HEMA a conclu un accord avec ses créanciers sur la réduction de ses dettes, annonce lundi la société néerlandaise de vente au détail, également présente en Belgique.

Un groupe de détenteurs d'obligations recevront toutes les actions de l'entreprise en échange de la réduction de la dette, qui grâce à cet accord, sera réduite de 450 millions d'euros, passant de 750 à 300 millions d'euros. La chaîne retrouvera en conséquence une structure financière saine et une marge de manœuvre suffisante pour investir dans l'avenir de l'entreprise, affirme-t-elle dans un communiqué de presse.

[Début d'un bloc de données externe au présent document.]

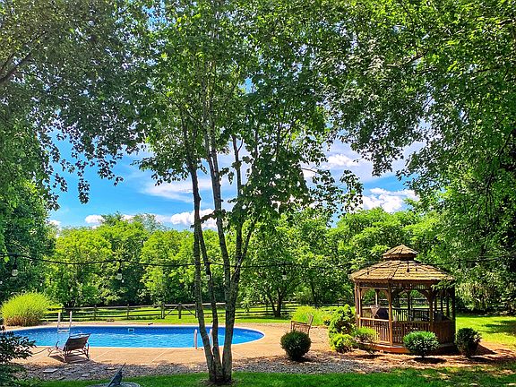 Welcome home to this impeccably maintained 4 bedroom 2.1 bath tudor colonial located in Neshanic Station. This beautifully maintained home sits on over 3 luscious acres which faces and backs up to green acres. The home boasts its grand family room addition which includes 18 ft cathedral ceilings topped with a double sided stone fireplace leading into the living room. Attached by french doors, the great room leads into the living room with ample amount of living space between the two rooms. The home has been renovated and maintained inside and out. Interior upgrades include the kitchen, master bathroom, and the hardwood floors on the first floor. Beautiful granite counter tops and refaced cabinets compliment the beautiful stainless steel appliances in the kitchen. The master bathroom renovations include a sleek tiled shower with glass doors and a grand soaking tub. Exterior upgrades include roof, gutters, pool liner, and pool house/shed. The fenced in backyard has an in-ground pool with ample amount of yard space that goes beyond the wood fencing. The grand deck, perfect for entertaining, has easy access into the home with a sliding door in the kitchen and sliding french doors in the living room and family room allowing plenty of backyard access. The deck overlooks the newly lined pool, gazebo, and landscaped backyard. Abundant amount of storage within the basement and attic with both having endless opportunities of being finished. Hardwood floors run throughout the entire home. Very private yet conveniently located close to route 202 and easy access to routes 78, 287, and 22 making for an easy commute. Close to nearby elementary school, several natural parks, and even Neshanic golf course. This beautiful estate has endless possibilities while all you have to do is move in and unpack! This captivating property is one you truly need to see for yourself.

Il y a quelque temps, les créanciers avaient fait une proposition de reprise de HEMA en échange de l'abandon d'une partie de leurs créances. L'homme d'affaires Marcel Boekhoorn, qui avait repris l'enseigne en 2018, n'avait pas voulu renoncer à son contrôle et avait décidé de faire une contre-offre, mais n'a pas pu trouver d'accord avec les créanciers. HEMA a alors décidé de poursuivre ses propres négociations avec ces derniers afin de sauver l'entreprise. Marcel Boekhoorn est dès lors mis hors jeu par cette manoeuvre.

Grâce à l'accord conclu avec les créanciers, la charge d'intérêts de la société sera réduite de 20 millions d'euros par an, pour atteindre environ 30 millions d'euros. En outre, la trésorerie de HEMA sera renforcée par l'émission d'un nouvel emprunt obligataire de 42 millions d'euros.

La montagne de dettes de HEMA était devenue insoutenable au fil du temps, et la crise du coronavirus avait rendu une solution plus urgente encore. Pour l'ensemble de l'année, l'entreprise prévoit ainsi une baisse du chiffre d'affaires de 12,6%. En outre, le résultat d'exploitation devrait être inférieur de près de 57%.

Si les créanciers sont en mesure de mener à bien la transaction, un plan stratégique sera accéléré. Cela inclut l'optimisation des prix et des coûts, la croissance accélérée du commerce électronique, des partenariats avec les supermarchés et l'exploitation de nouveaux marchés.